My point was, and still is, "how can we abandon X11 (in favor of Wayland) for those issues when cloud computing, with the same, greatly exaggerated issues, is the next (or current) big thing ?"
But no one is seriously promoting using X11 based cloud computing. This comment from SymbolicFrank is probably the first time I've heard something like that as a non joke.

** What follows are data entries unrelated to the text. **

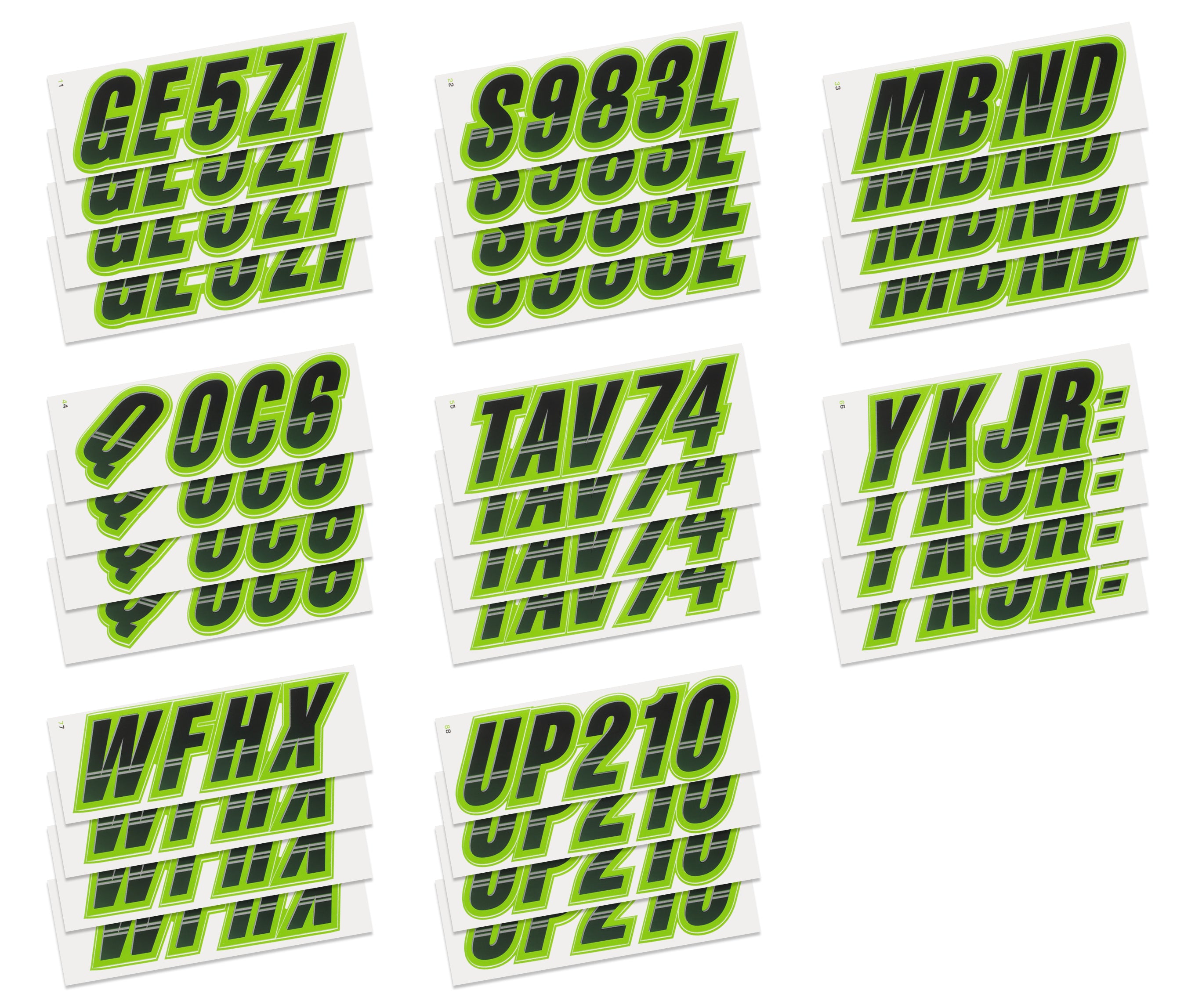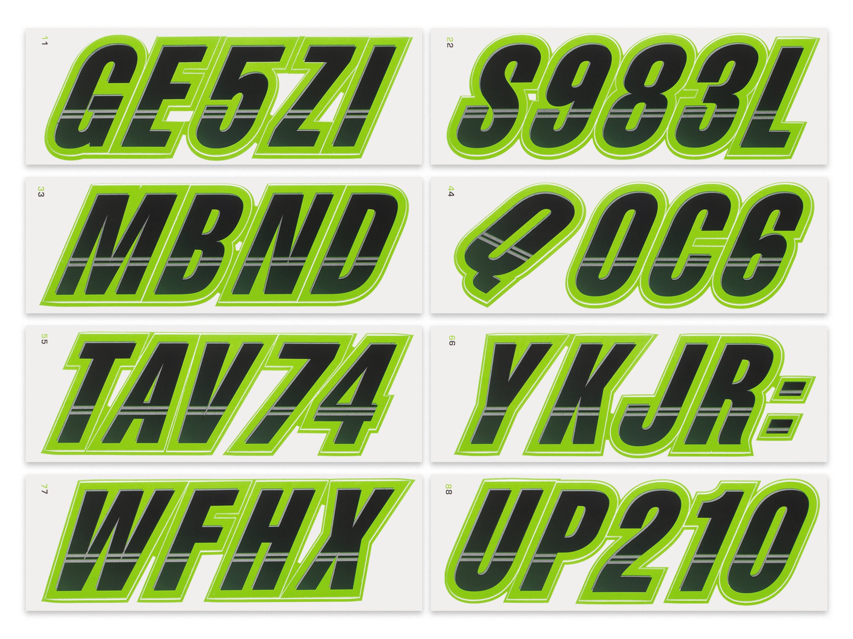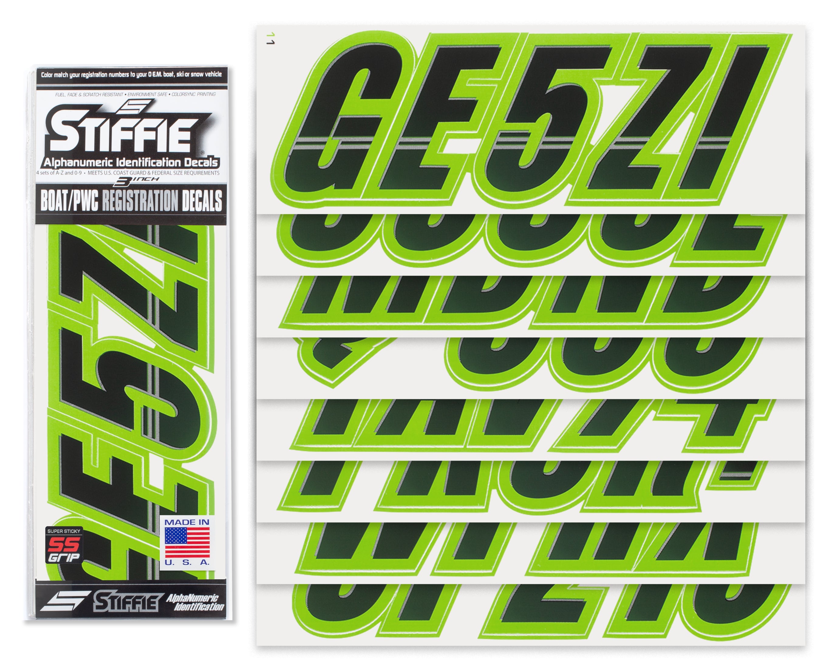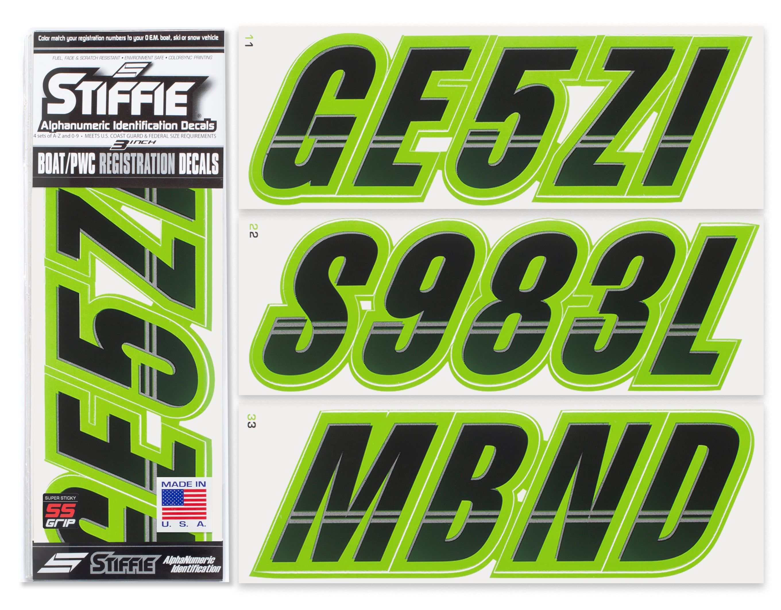 STIFFIE Techtron Black/Team Green 3” Super Sticky Boat & PWC Registration Decals • Numbers Letters Stickers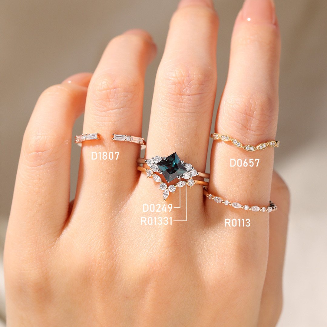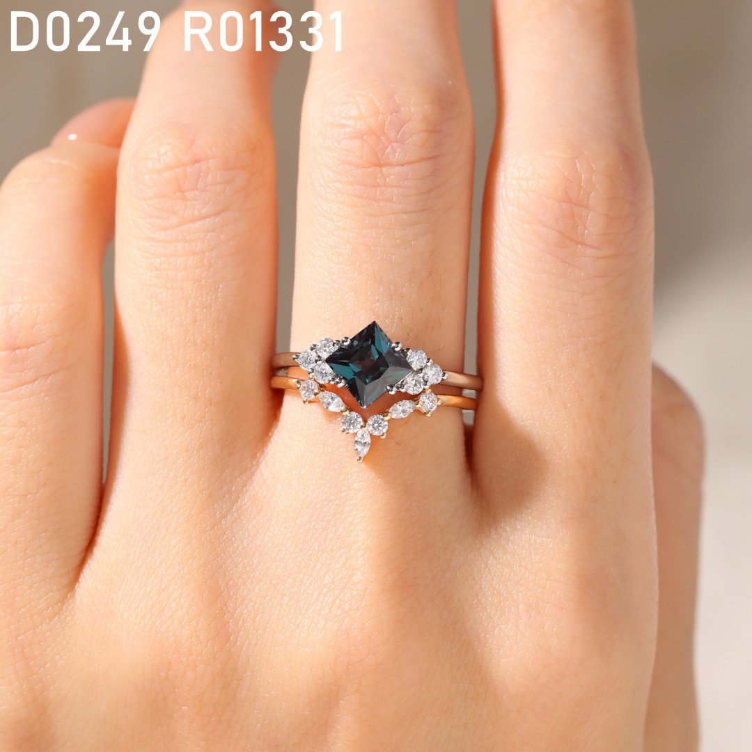 White Gold Princess Cut Alexandrite Rings Unique Artistic Engagement Ring
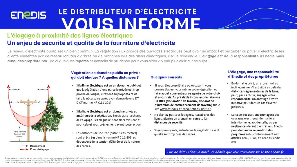 Enedis procède régulièrement à des opérations d’élagage afin de garantir d’une part, la sécurité des personnes et des biens contre les risques liés à la présence de végétation aux abords des réseaux électriques qu’elle exploite et, d’autre part, la qualité de la distribution de l’énergie électrique à ses clients.

The closest thing I can think of may be Blazor, where you can write your code in C# and decide on how much you like to perform on the frontend and the backend. It has the Server mode, in which all computations are happening on the server and Blazor is, like an X11 server, just a dumb HTML frontend (this also has a no JavaScript version where all sites are static and any action requies a full page reload). But if I remember the release presentation correctly, this is specifically build for the case where the server is running in the same local network (I think the example used was a car shop, where you would have the Blazor server running in the basment, and just have an iPad or so for viewing in the same network), exactly because of latency and security reasons.
The more common alternatives are Blazor WebAssembly, where all the code is running in the frontend, and just using normal requests (or websockets) to receive data from a normal backend. Then there is Blazor Hybrid, which is like BlazorServer but the "server" is running on the same device as the Browser (think of it as an Browser based Widgetset in the Pascal world).

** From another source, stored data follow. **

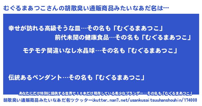 | 欧米人風あだ名 | 『マイケルむぐるまあつこ』 |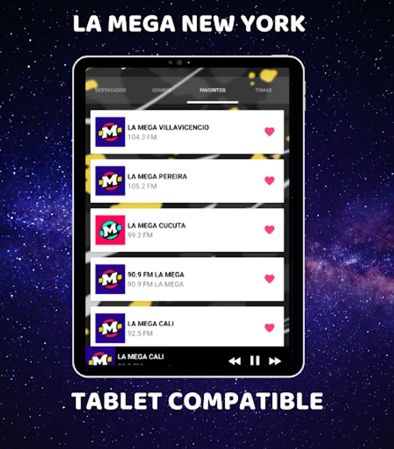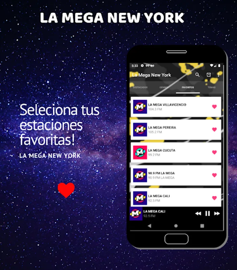 In our app La Mega 97.9 FM New York you will find the best current music, all the top music in the mega.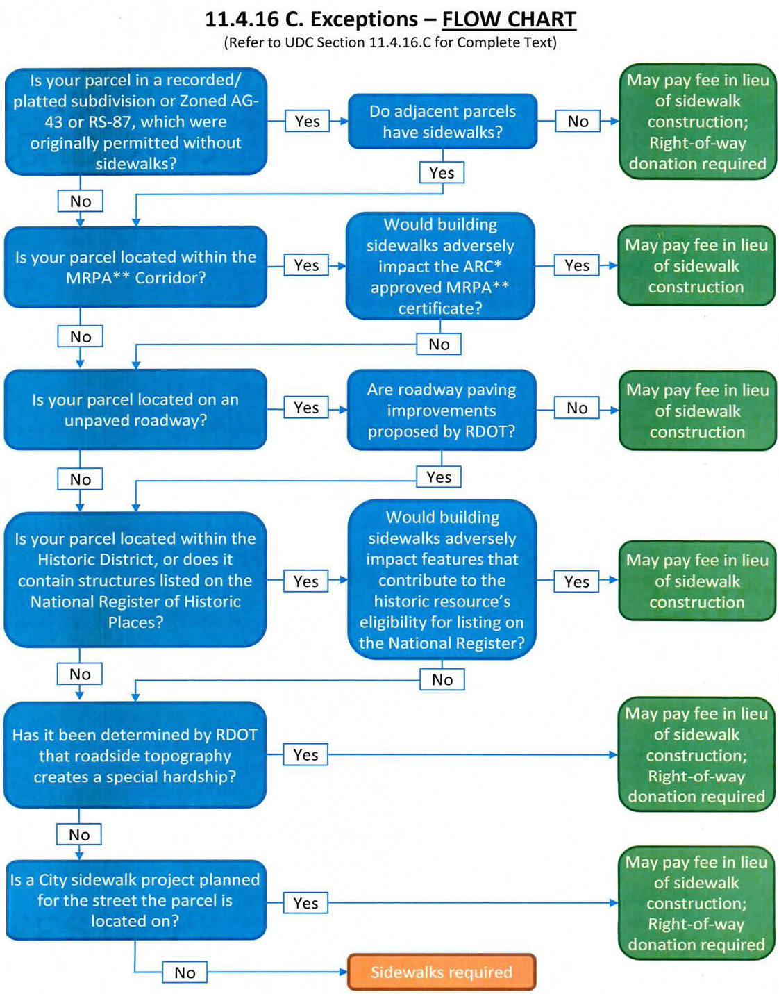 Along public streets where a City sidewalk project is included on the Sidewalk Priority Matrix or has been awarded for construction, the Transportation Director may accept payment to the City of Roswell in lieu of the required installation of the sidewalk and street trees where in his opinion the acceptance of funds would be appropriate. Donation of right-of-way would be required to allow for the installation of a sidewalk in the future.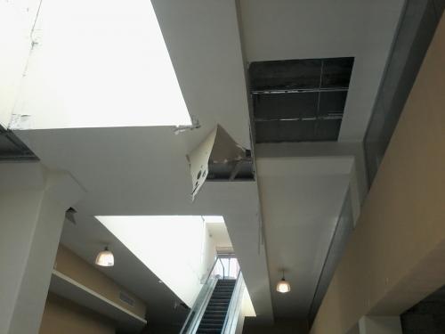 Dijo que es tabla roca la que se utilizó para los niveles asignados para los locales comerciales, y partes de este se encuentran colgando de los techos, así como también de las paredes.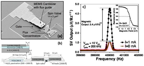 Figure 7. (a) SEM image of the hybrid device showing the integration of a SV sensor with static MFCs and a single MEMS cantilever resonator (with an additional MFC on top); (b) Schematic view of the device cross section; (c) SV voltage output exhibiting both electric (capacitive coupling) and magnetic components when the cantilever resonates at a frequency of 200 kHz. Reprinted with permission from Guedes A. et al., J. Appl. Phys. 2008, 103, 07B924. Copyright 2008 AIP Publishing LLC.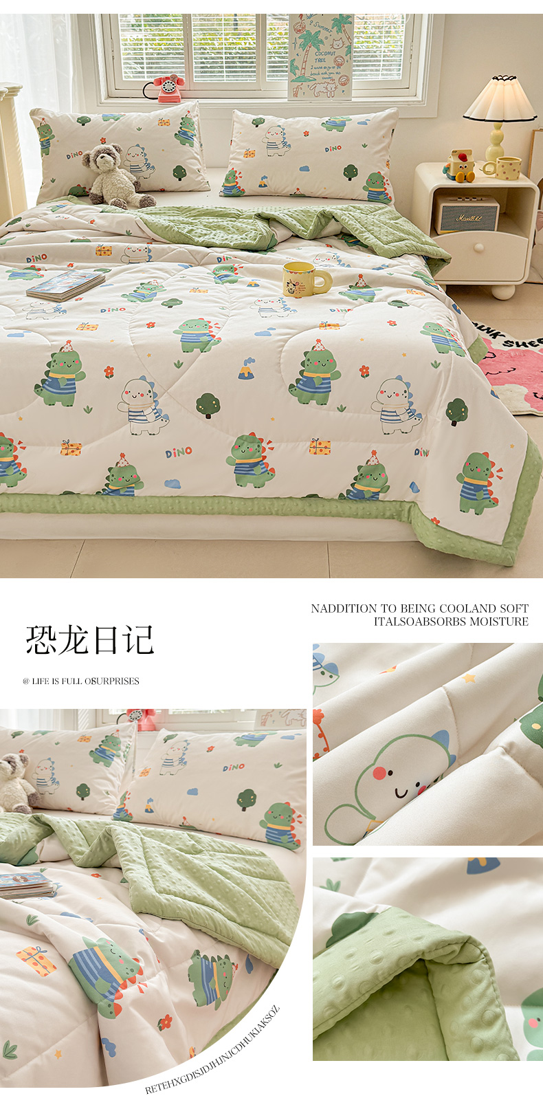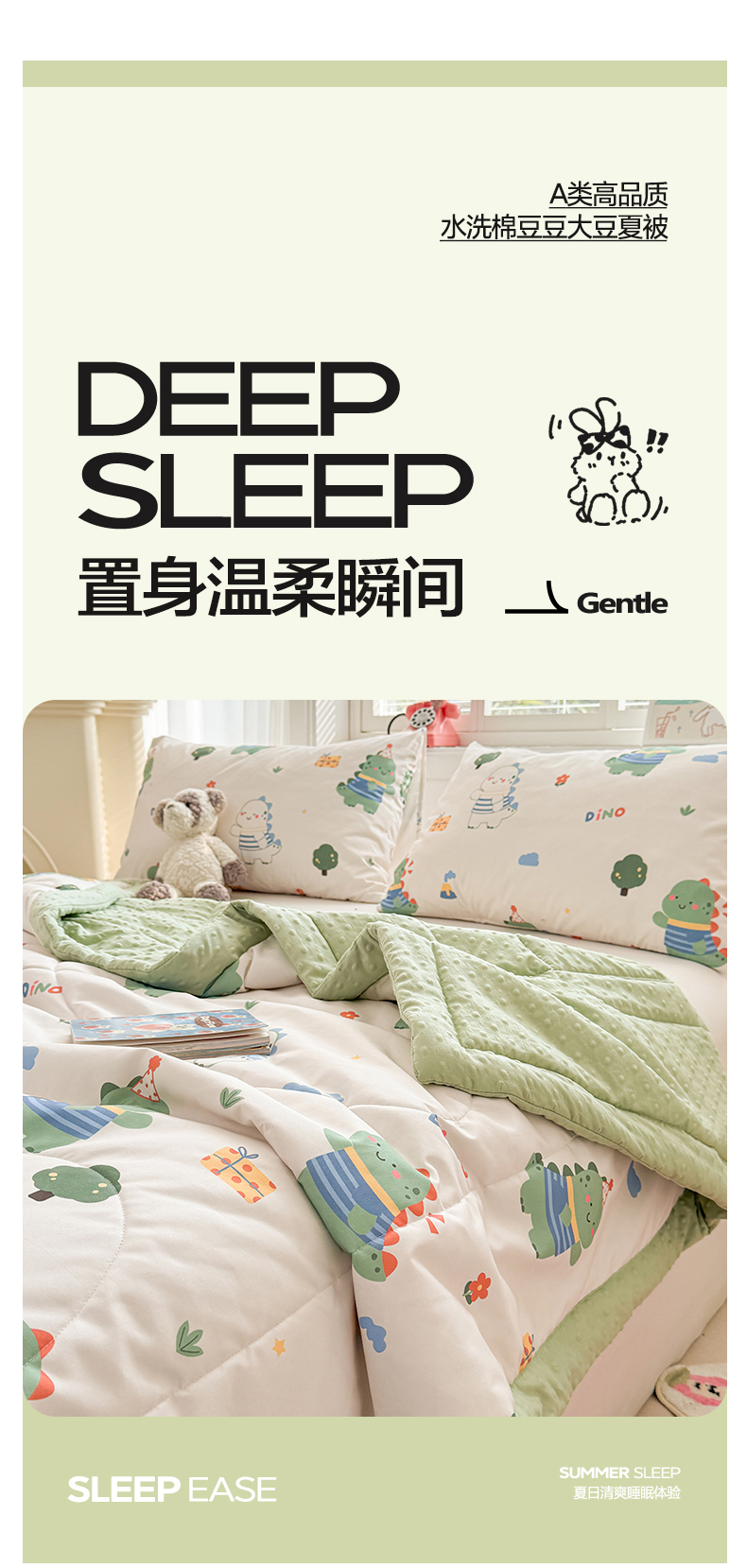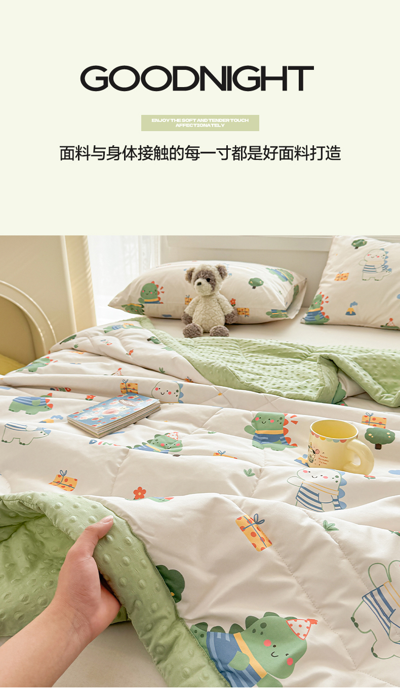 商品名称:悦织语 2026新款A类水洗棉双层纱豆豆被大豆夏凉被 恐龙日记

And even then, the Blazor SignalIR protocol was built specifically to be used with modern requirements for security and to reduce network delay, while X11 wasn't.

So I don't think we need to be afraid of cloud providers like Azure or AWS starting to make big advertisements for using X11 (or similar) cloud apps. I have never seen any push to have all the events being passed between cloud and client to have all the UI code running in the cloud. Infact, it is usally advertised to strictly seperate UI and buisness logic, with your logic running in the cloud, and all of the UI stuff running in the frontend.

If there is anything that is holding Wayland back, I'd argue it's most probably the case that it still, after 15 years, does not fully support the proprietary Nvidia drivers, which means when you want to be able to Play high demanding games, or heck, use a new Nvidida graphics card at all. When I bought my 2060, it took over 2 years until I could even boot without the proprietary drivers (because I have a Server CPU I don't have a fallback graphics chip on the CPU). I would like to use Wayland, it has a great advantage that you can scale on a Monitor by Monitor basis (and with 1x4K and 1x1080p monitor this is kindof a must have), but it simply does not work for me, but the last time I checked it still did not well with the proprietary drivers, and I couldn't get the full performance with the kernel drivers.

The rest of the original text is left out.